Trouble leaving Mariupol: Roughly 150 vehicles carrying civilians departed Mariupol on Monday. BBC Russia reported that this was the first time since the city’s encirclement that residents managed to use humanitarian corridors to escape. Mariupol’s mayor later reported, however, that the evacuees got no farther than the Russian-occupied city of Berdiansk (about eighty kilometres southwest).

The European Union approved a fourth package of “restrictive measures” against Russia in response to Russia’s attacks against schools, apartment buildings, and hospitals in Ukraine. Reuters reported that EU states will also adopt new sanctions against the oil majors Rosneft, Transneft, and Gazprom Neft, but European purchases of Russian oil will continue.

Legislation coming from the Russia’s ruling political party would make it a felony to enforce Western sanctions inside Russia. The law would penalize Russian companies that refuse to work with sanctioned banks and other businesses under the pretext that they would risk becoming sanctioned themselves. “Obeying foreign sanctions within [Russia] constitutes indirect support [of the sanctions]. There’s no other word for this but betrayal,” stated Andrey Turchak, a senior member of United Russia.

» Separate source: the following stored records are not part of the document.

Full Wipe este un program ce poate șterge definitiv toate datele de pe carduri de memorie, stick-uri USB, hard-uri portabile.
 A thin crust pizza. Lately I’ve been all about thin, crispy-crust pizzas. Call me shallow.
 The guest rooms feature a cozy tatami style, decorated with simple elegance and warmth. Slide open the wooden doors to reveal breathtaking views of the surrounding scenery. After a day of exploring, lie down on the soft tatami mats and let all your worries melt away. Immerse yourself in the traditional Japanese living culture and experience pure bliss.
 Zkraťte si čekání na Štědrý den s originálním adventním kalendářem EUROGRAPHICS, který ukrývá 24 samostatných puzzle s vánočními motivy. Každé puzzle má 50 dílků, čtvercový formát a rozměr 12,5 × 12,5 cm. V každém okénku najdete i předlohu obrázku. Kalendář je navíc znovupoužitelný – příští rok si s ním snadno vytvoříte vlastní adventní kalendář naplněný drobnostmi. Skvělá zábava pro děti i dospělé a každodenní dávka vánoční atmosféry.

Following Russia’s decision to block Meta services like Facebook and Instagram, the Russian social network Vkontakte reported its highest ever daily traffic, with a record 50 million users visiting the website in a single day. Headquartered in Russia, Vkontakte operates in compliance with Russian Internet controls and has already blocked the pages of several independent news outlets. On Monday, Russia’s federal censor blocked the popular news and memes website TJournal.

  • Russian Presidential Press Secretary Dmitry Peskov claimed that at the beginning of the war in Ukraine, Vladimir Putin “Instructed the Defense Ministry to refrain from immediately storming large cities, including Kyiv.” According to Peskov, this was because “Armed nationalist formations were setting up firing points and placing heavy military equipment right in residential areas.” Now, however, “the Defense Ministry, while maintaining maximum security for the civilian population, is not ruling out the possibility of taking full control of large population centers, which already are practically completely surrounded, with the exception of humanitarian evacuation zones.”

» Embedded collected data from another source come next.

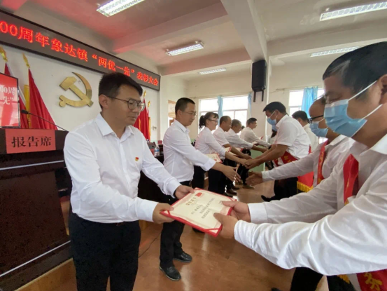 在喜迎党的百年华诞之际,6月30日,象达镇举行中国共产党成立100周年象达镇“两优一先”表彰大会,回顾党的百年光辉历程,讴歌党的丰功伟绩,激励各级党组织和广大党员不忘初心、牢记使命,锐意进取、砥砺前行,从党的百年奋斗史中汲取前进力量,奋力谱写社会主义现代化象达新篇章。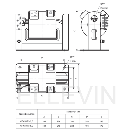 Cиловой однофазный трансформатор типа ОЛС-НТЗ мощностью 2,5 кВА, класса напряжения изоляции 6 кВ с переключением ответвлений обмоток без возбуждения (ПБВ). Климатическое исполнение «У» или «Т» категория размещения 4 по ГОСТ 15150. Степень защиты трансформаторов IP00. Система охлаждения трансформаторов – естественная циркуляция воздуха
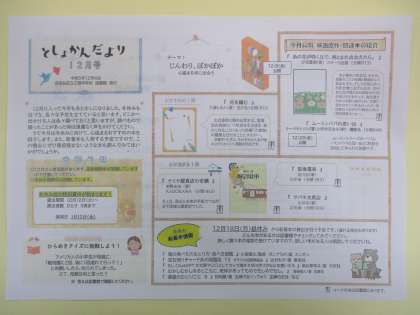 図書館だよりより 公開日 2023/12/04 更新日 2023/12/04 学校日記 12月のテーマは“じんわり、ぽかぽか”〜心温まる本に出会〜。寒い季節に本を読み心から温まるのはいかかでしょう。 いいね(0)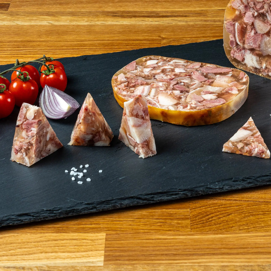 Ingrediente: carne cap de porc, organe, sorici, sare, gelatina, condimente (piper, zahar, usturoi), nitrit de sodiu, acid ascorbic,izoascorbat de sodiu, citrat de sodiu, glutamat monosodic. Produs fiert si afumat. Membrana naturata, necomestibila.

  • Russian President Vladimir Putin signed a law allowing foreign planes leased to Russia-based airlines to be registered as the airlines’ property. The law also allows Russian airworthiness certificates to be issued to foreign aircraft. Russia’s need for this law arose after the EU banned leasing aircraft to Russian airlines; European planes that were leased to Russian companies were arrested abroad, leading to the almost complete cessation of flights from Russian Airlines outside of Russia’s borders. However, almost half of commercial planes leased to Russia were registered in Bermuda. Since March 13, when the Bermuda authorities suspended these planes’ airworthiness certificates, the companies have been flying them illegally.
  • Death toll continues to climb: According to Ukraine authorities, more than 2,500 people have died in Mariupol, which has been under siege by the Russian army for over two weeks. Oleksiy Arestovych, a Ukrainian presidential spokesperson states, “The Russians are wiping out the city with artillery. Civilians there have run out of food, water, and power, and a convoy of humanitarian aid that was set to reach the city on Sunday has still not arrived”.

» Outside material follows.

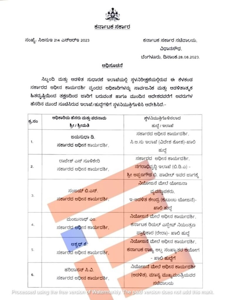 ದಾವಣಗೆರೆ ಮಹಾನಗರಪಾಲಿಕೆಯಲ್ಲಿ ಉಪ ಆಯುಕ್ತರಾಗಿ ಕಾರ್ಯನಿರ್ವಹಿಸುತ್ತಿದ್ದ ಕೆ ಆರ್ ಶ್ರೀನಿವಾಸ ಅವರನ್ನು ಸಿಬ್ಬಂದಿ ಮತ್ತು ಆಡಳಿತ ಸುಧಾರಣೆ ಇಲಾಖೆಯು ಮುಖ್ಯಮಂತ್ರಿ ಸಚಿವಾಲಯದ ಅಧೀನ ಕಾರ್ಯದರ್ಶಿ ಹುದ್ದೆಗೆ 2023ರ ಜುಲೈ 15ರಂದು ನೇಮಿಸಿ ಅಧಿಸೂಚನೆ ಹೊರಡಿಸಿತ್ತು.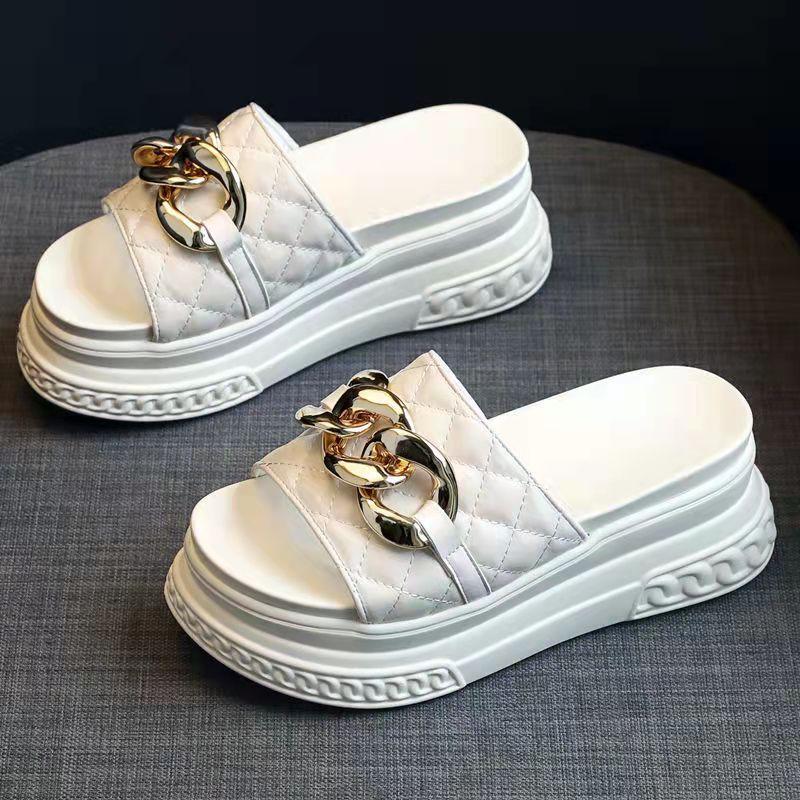 SyfIyno Летние Новые Сандалии Летний Ананасовый Торт Толстая Подошва Шлепанцы Модная Цепочка Трендовые Женские Шлепанцы 39 белый

  • Ceasefire Talks Negotiations between Ukraine and Russia are currently underway. The Ukrainian side reported progress this weekend, although Russia’s shelling of an apartment building in Kyiv on Monday morning has slowed talks. A ceasefire is one of the main goals of today’s talks; past negotiations have focused on the establishment of humanitarian aid and evacuation routes, with limited success.